Source material>
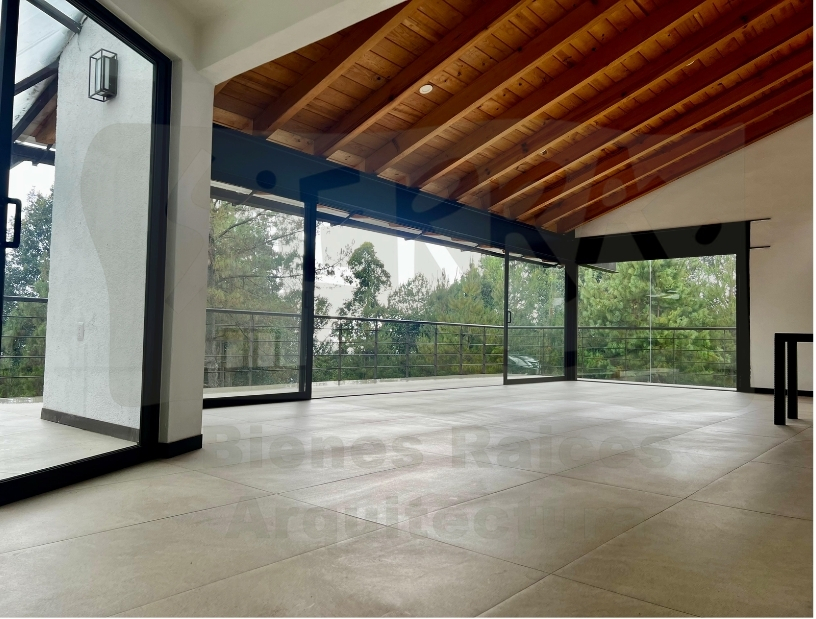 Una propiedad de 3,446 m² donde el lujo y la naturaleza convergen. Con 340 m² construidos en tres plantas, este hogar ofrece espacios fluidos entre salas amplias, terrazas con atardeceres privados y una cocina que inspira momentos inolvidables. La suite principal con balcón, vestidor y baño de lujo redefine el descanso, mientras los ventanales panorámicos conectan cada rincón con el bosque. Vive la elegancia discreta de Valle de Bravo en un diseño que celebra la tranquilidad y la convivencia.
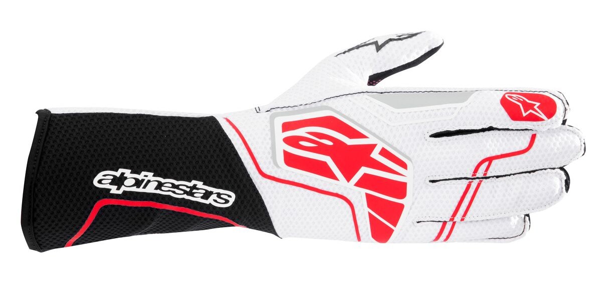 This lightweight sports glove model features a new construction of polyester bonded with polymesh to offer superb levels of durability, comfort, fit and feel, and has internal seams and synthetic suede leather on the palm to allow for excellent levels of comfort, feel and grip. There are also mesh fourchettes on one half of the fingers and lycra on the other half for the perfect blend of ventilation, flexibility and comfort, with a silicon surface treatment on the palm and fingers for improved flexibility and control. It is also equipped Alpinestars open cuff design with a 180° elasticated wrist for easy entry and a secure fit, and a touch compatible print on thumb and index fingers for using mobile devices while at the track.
==
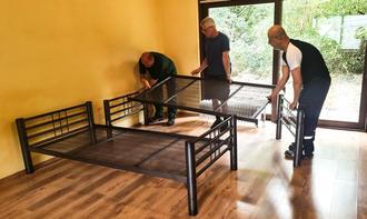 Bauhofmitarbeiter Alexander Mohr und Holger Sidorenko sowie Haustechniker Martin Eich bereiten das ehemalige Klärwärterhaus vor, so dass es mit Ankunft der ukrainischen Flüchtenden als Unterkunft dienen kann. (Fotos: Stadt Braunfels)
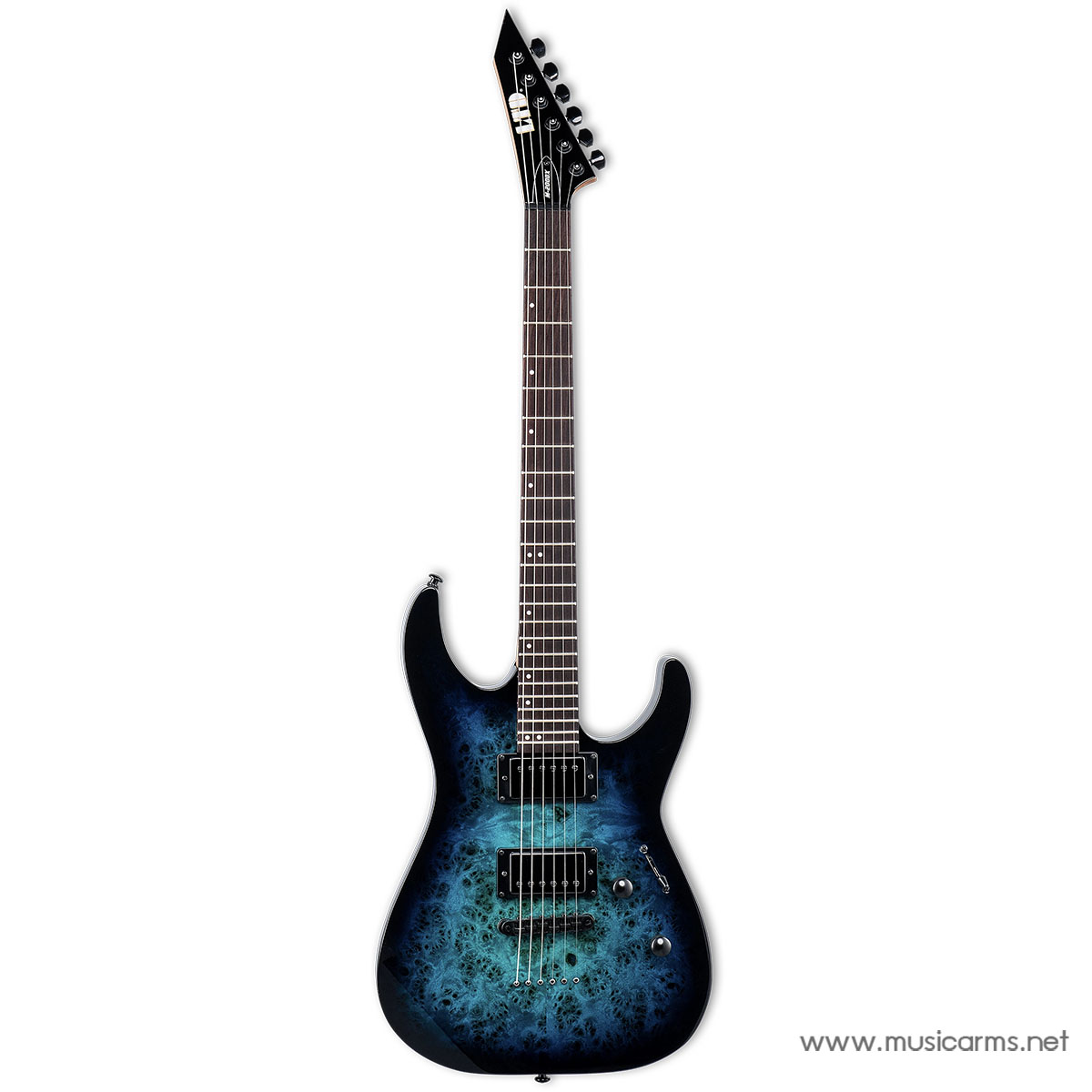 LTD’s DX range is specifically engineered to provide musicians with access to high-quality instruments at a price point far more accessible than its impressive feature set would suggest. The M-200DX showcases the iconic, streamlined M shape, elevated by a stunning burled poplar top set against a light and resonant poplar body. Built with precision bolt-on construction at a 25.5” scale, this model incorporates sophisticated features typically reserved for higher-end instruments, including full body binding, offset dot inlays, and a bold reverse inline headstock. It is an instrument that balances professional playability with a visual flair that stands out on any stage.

Assignment> Your reply should hold nothing but the lines above, from the one containing "Bauhofmitarbeiter Alexander Mohr" to the one containing "LTD’s DX range", reproduced exactly minus the pictures.

Solution for this task>
 Bauhofmitarbeiter Alexander Mohr und Holger Sidorenko sowie Haustechniker Martin Eich bereiten das ehemalige Klärwärterhaus vor, so dass es mit Ankunft der ukrainischen Flüchtenden als Unterkunft dienen kann. (Fotos: Stadt Braunfels)
 LTD’s DX range is specifically engineered to provide musicians with access to high-quality instruments at a price point far more accessible than its impressive feature set would suggest. The M-200DX showcases the iconic, streamlined M shape, elevated by a stunning burled poplar top set against a light and resonant poplar body. Built with precision bolt-on construction at a 25.5” scale, this model incorporates sophisticated features typically reserved for higher-end instruments, including full body binding, offset dot inlays, and a bold reverse inline headstock. It is an instrument that balances professional playability with a visual flair that stands out on any stage.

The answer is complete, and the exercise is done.